In all cases, adequate and effective restitution or compensation will be provided without delay.

Article 7. Transfers

1. In accordance with its national law, each Contracting Party shall, in good faith, ensure for investors of the other Contracting Party the free transfer of capital-related payments to and from the territory of its own State. Such payments include in particular, but not limited to:

a. principal and additional amounts to maintain, develop or increase investment;

b. returns;

c. payments under contracts, including debt-related investment agreements;

d. royalties and payments;

e. proceeds from the full or partial sale or alienation of capital;

f. Compensation to be paid in accordance with Articles 5 and 6;

g. income of citizens of one Contracting Party permitted to work in connection with the investment in the territory of the other;

h. payments related to management costs;

i. payments arising from the settlement of the dispute.

2. Transfers shall be made without delay in a freely convertible currency and at the market rate applicable on the day of the transfer. If a market rate does not exist, the most recent exchange rate for the conversion of currencies into "Special Drawing Rights" will be used as the applicable exchange rate.

3. Notwithstanding paragraphs 1 and 2 of this Article, the receiving Contracting Party may delay or prevent the transfer by taking impartial, non-discriminatory and fair measures to determine its compliance with national law on: 

a. payment of taxes and duties;

b. bankruptcy and bankruptcy proceedings or protection of creditors' rights;

c. criminal or other offenses;

d. The decisions or procedures of the courts and tribunals of the receiving Contracting Party.

Article 8. Subrogation

1. If a Contracting Party or its designated agency (guarantor) makes a payment in the territory of the other Contracting Party on the basis of a guarantee for the non-commercial risks of the investment, the receiving Contracting Party shall guarantee all rights and claims relating to such investment. The guarantor will recognize that it has the right to exercise such rights and requirements as the original investor.

2. The subrogated Contracting Party or its designated agency (guarantor) shall have and shall enjoy the same rights as the original investor in respect of such insured investments in accordance with the obligations of the investor.

Article 9. Settlement of Disputes between the Investor and the Host Contracting Party

1. Disputes arising in connection with an investment by an investor of one Contracting Party in the territory of the State of the other Contracting Party shall be notified by the investor to the Receiving Contracting Party in writing, with a detailed note. Any disputes between the Investor and the Receiving Party shall be settled by amicable agreement as far as possible. Unless otherwise agreed between the parties to the dispute, the place of negotiation shall be the capital of the Contracting Party which is a party to the dispute.
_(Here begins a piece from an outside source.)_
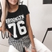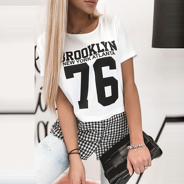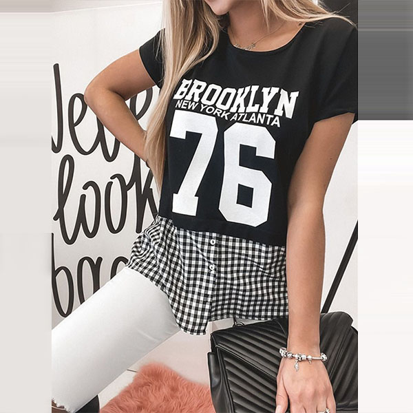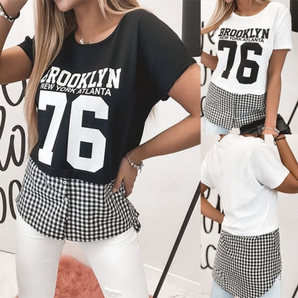 Fashion Letters Printed Short Sleeve Plaid Spliced Hem T-shirt

2. If the dispute cannot be settled within six months from the date of receipt of the written notification by the other Contracting Party, the investor shall have the option to submit the dispute to one of the following:

a. to the competent court of the State of the Contracting Party in whose territory the investment has been made;

b. To the "ad hoc" arbitral tribunal to be established in accordance with the Arbitration Rules of the United Nations Commission on International Trade Law ("UNCITRAL");

c. The International Center for the Settlement of Investment Disputes (ICSID), in accordance with the Convention for the Settlement of Investment Disputes between States and Citizens of Other States, declared open for signature in Washington on March 18, 1965, if each of the Contracting Parties is a party to that Convention.
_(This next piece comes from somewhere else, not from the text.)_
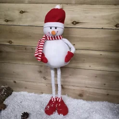 70cm Sitting Plush Christmas Snowman Holding Skis With Dangly Legs

3. An investor who has lodged a claim with a competent court of that Contracting Party or with another dispute resolution procedure previously agreed upon for the settlement of a dispute in respect of which the conduct or measures taken by a Contracting Party may give rise to a dispute, may not resort to any of the international arbitral tribunals mentioned in Paragraph 2 of this Article.
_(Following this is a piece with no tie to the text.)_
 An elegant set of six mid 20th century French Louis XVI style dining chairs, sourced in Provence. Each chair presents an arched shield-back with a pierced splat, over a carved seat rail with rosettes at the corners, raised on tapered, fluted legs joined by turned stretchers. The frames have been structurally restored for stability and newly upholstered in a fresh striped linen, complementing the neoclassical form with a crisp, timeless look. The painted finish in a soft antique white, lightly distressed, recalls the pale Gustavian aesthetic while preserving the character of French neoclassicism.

4. The dispute will be decided on the basis of:

a. the provisions of this Agreement;

b. the national law of the receiving Party, including its rules on conflict of laws;

c. recognized principles of international.

5. This decision will be final and binding on the parties to the dispute and the Contracting Party will be carried out in accordance with national legislation.

6. None of the Contracting Parties to the dispute may object at any stage of the arbitration proceedings or the award of the arbitral tribunal, that the opposing party has received full or partial compensation for its losses on the basis of insurance.

Article 10. Settlement of Disputes between the Contracting Parties

1. Disputes that may arise between the Contracting Parties concerning the interpretation and application of this Agreement shall be settled, as far as possible, through negotiations and consultations through diplomatic channels.

2. If the disputes of the Contracting Parties are not settled within six (6) months from the date of their occurrence, the disputes shall be submitted to an Arbitral Tribunal in accordance with this Article upon the request of the Contracting Parties.

3. Such an Arbitral Tribunal shall be established for each individual case in the following order. Within two (2) months from the date of receipt of the request for arbitration, each Contracting Party shall appoint one member of the Tribunal. These two members shall then, with the consent of both Contracting Parties, elect a national of a third State to be appointed President of the Tribunal. The Chairman shall be appointed within four (4) months after the appointment of the other two members.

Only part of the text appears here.